Engagement with news on social media and vaccine confidence

We tested whether one's self-reported likelihood of receiving the vaccine predicted sharing or interacting with lower-quality information online. To do this, we first examined whether one's likelihood of receiving the COVID-19 vaccine was associated with the number of hyper-partisan URLs one shared on their Twitter timeline, based on a prior list of hyper-partisan URLs (32) and the “Iffy News” Index (44). This variable was collected at the time participants used the app and shown to participants as part of their “fake news score.” A total of 1030 hyper-partisan websites were shared in the full sample, and people shared about 0.77 (SD = 5.34) hyper-partisan news URLs on their Twitter timeline on average. One's likelihood of receiving the vaccine negatively predicted the sharing of hyper-partisan news sites, β = −0.07, 95% CI = [−0.12, −0.02], P = 0.007. This effect remained significant when controlling for a number of other factors measured in the app, such as political conservatism, affective polarization (favorability toward the ingroup minus favorability toward the outgroup), conspiracy mentality, mental health, life satisfaction, age, gender, having a Bachelor's degree, number of followers, and number of accounts followed, β = −0.14, 95% CI = [−0.20, −0.07], P < 0.001. Indeed, in this multiple regression, the only remaining significant predictor of hyper-partisan news sharing besides vaccine hesitancy was age, β = 0.21, 95% CI = [0.14, 0.29], P < 0.001, replicating prior work about age and fake news sharing (27), and affective polarization was a marginally significant predictor, β = 0.08, 95% CI = [0.00, 0.16], P = 0.053 (all other Ps > 0.184). Overall, these results support H4. See Supplementary Appendix Tables S14 and 15 for full regression models and robustness checks.
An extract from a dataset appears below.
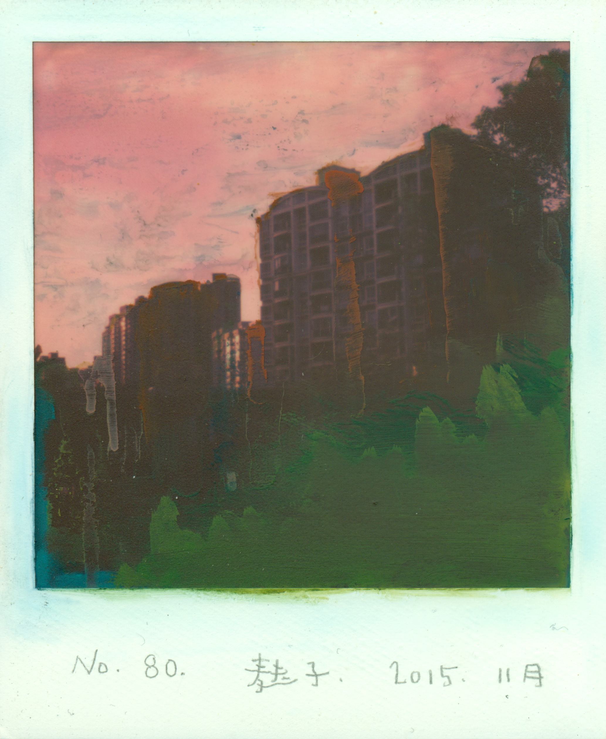 There is one thing in common between Polaroid and watercolour: they are both full of uncertainties. Fuzi’s new technique of Polaroid -painting shows a form of pictorial, private and abstract romanti- cism. His works consist of watercolour painting what would be wasted Polaroid photos. However, Fuzi does not describe those scenes according to the original style of nature, but as the memo- ries of those who have experienced it. In fact, he began purchasing wasted photos from people on the internet to find something new and “get help from others’ eyes”. Thus, Fuzi finds himself facing his own identity and the relationship between him and the original photographer. He has to figure out how to include both perspec- tives while keeping them distinct. Polaroid photography embodies a unique notion of immutability and the concept of “instantaneity”. The element of the painting is applied to add an ambiguous view into the gap between reality and fantasy, offering an approach in- to the world of abstraction and non-linear time.

We then replicated the above analysis using a more sensitive measure of the quality of news shared. To do this, we used NewsGuard, which provided us with a dataset of over 4500 news URLs along with a trustworthiness rating of each URL (as an example, breitbart.com has a trustworthiness rating of 49.5 out of 100). Using the Twitter API, we scraped 1,831,308 tweets from timelines of 1600 participants using the Twitter handles participants provided when they used the app. Of these, 46,202 contained URLs that could be given a “trustworthiness” rating by NewsGuard. We calculated a variable indicating the average trustworthiness of URLs shared per user. The mean trustworthiness of the URLs participants shared was 92.88 (SD = 14.01), indicating that our sample tended to share trustworthy news.
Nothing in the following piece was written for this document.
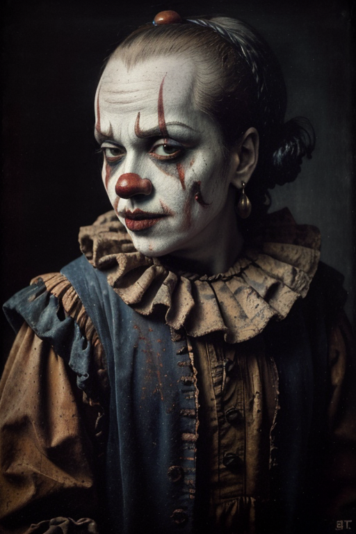 art by Johannes Vermeer, Thermal camera, Redshift render, buff disgusting and scary horrific killer clown, cute but dangerous, (((deadly))), Sketched, Pastel Goth Art, Ambrotype, (high quality), (detailed), (masterpiece), (best quality), (highres), (extremely detailed), (8k) Killer, horrifying , frightening

Again, one's likelihood of receiving the vaccine predicted the quality of news URLs people shared online, β = 0.23, 95% CI = [0.17, 0.29], P < 0.001. This effect remained significant when including all relevant control variables, β = 0.19, 95% CI = [0.09, 0.29], P < 0.001. The only other significant predictor of the quality of news people shared besides vaccine confidence in this model was having a Bachelor's degree, β = 0.48, 95% CI = [0.22, 0.74], P < 0.001 (all other Ps > 0.166). This model is plotted in Figure 3.

Fig. 3.

Fig. 3.

One's self-reported likelihood of getting the COVID-19 vaccine predicted the overall quality of news participants shared publicly (tweeted) or liked (favorited). These associations remained significant in multiple regression analyses accounting for political liberalism, affective polarization, conspiracy mentality, mental health, life satisfaction, age, gender, education, number of followers, and number of accounts followed. Error bars represent 95% confidence intervals, and standardized beta coefficients are shown for ease of interpretation.

Finally, given that different types of content on social media tend to receive retweets as opposed to favorites (or likes) (30)—possibly because retweets are more public than favorites—we then examined whether one's likelihood of receiving the vaccine predicted favorites as well. We scraped 1,876,635 favorites from our sample, 61,140 of which contained URLs that could be given a NewsGuard “trustworthiness” rating (M = 93.59, SD = 12.84). One's likelihood of getting vaccinated once again predicted favoriting higher-quality news, with a similar effect size, β = 0.23, 95% CI = [0.06, 0.23], P < 0.023. Once again, this effect remained significant when accounting for all control variables, β = 0.11, 95% CI = [0.02, 0.21], P = 0.023. The other significant predictors of favoriting low-quality news in this model were political liberalism, β = 0.24, 95% CI = [0.13, 0.35], P < 0.001; conspiracy mentality, β = −0.12, 95% CI = [−0.21, −0.03], P = 0.009; and having a Bachelor's degree, β = 0.35, 95% CI = [0.11, 0.59], P = 0.004. We also found that the quality of news URLs participants shared correlated strongly with the quality of news URLs that they favorited, r = 0.53, 95% CI = [0.47, 0.58], P < 0.001. Thus, an individual's more public sharing behavior online may not be strongly different than their more private favoriting behavior. Interestingly, across all three models, vaccine hesitancy was a robust predictor of interacting with online misinformation, whereas other variables such as age, political ideology, conspiracy mentality, and education were more inconsistent predictors.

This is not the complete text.